**AIM OF THE TASK:**
In the listing below, locate the line containing "Quadrifoglio Z2 Empfangstheke" and the line containing "SALVATORE LO FORTE". Output both of them and every line between, exactly as written, and nothing more.

**INFORMATION:**
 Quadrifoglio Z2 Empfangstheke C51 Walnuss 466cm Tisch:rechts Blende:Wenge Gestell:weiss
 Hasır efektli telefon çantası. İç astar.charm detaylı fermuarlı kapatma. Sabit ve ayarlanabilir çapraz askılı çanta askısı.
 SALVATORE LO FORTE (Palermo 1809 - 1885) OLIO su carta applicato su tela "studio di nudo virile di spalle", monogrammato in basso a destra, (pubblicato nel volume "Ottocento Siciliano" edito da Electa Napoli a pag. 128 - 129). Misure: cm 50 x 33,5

---

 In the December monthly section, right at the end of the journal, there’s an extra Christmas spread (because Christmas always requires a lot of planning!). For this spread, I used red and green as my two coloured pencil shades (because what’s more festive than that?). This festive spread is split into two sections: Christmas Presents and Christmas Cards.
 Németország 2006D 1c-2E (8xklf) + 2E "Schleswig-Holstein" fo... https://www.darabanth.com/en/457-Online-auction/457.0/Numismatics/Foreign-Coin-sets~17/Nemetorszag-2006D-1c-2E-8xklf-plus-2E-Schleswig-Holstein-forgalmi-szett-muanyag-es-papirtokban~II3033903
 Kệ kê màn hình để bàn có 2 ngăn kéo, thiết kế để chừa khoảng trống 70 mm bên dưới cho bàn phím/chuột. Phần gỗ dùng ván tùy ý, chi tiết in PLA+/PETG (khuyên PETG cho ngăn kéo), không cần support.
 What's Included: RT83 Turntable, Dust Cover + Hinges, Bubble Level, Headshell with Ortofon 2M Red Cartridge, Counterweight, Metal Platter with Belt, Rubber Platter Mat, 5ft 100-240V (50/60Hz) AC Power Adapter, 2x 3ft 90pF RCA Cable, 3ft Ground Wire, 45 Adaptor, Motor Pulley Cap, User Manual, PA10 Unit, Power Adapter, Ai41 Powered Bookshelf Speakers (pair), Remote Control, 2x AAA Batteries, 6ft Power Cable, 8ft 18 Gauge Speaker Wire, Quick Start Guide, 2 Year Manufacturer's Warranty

--

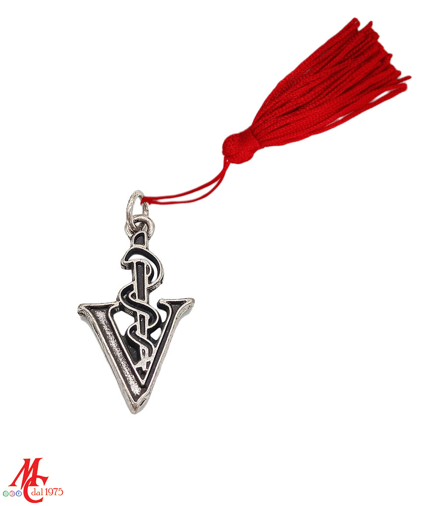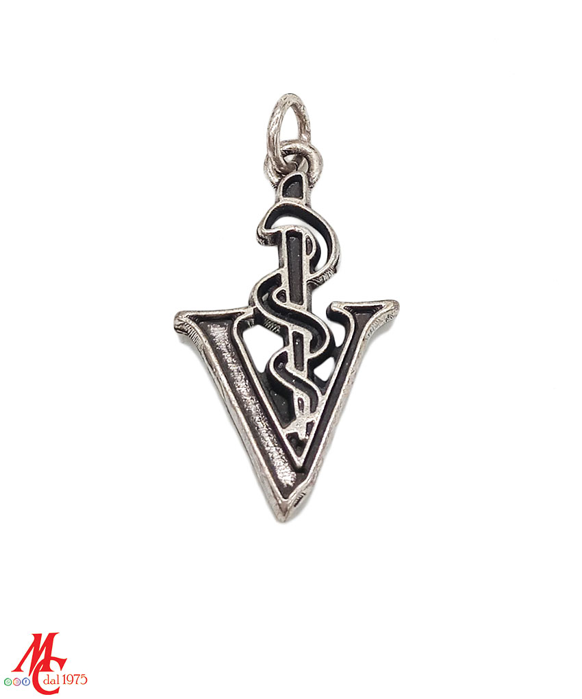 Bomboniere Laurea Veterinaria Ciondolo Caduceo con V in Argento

**THE ANSWER:**
 Quadrifoglio Z2 Empfangstheke C51 Walnuss 466cm Tisch:rechts Blende:Wenge Gestell:weiss
 Hasır efektli telefon çantası. İç astar.charm detaylı fermuarlı kapatma. Sabit ve ayarlanabilir çapraz askılı çanta askısı.
 SALVATORE LO FORTE (Palermo 1809 - 1885) OLIO su carta applicato su tela "studio di nudo virile di spalle", monogrammato in basso a destra, (pubblicato nel volume "Ottocento Siciliano" edito da Electa Napoli a pag. 128 - 129). Misure: cm 50 x 33,5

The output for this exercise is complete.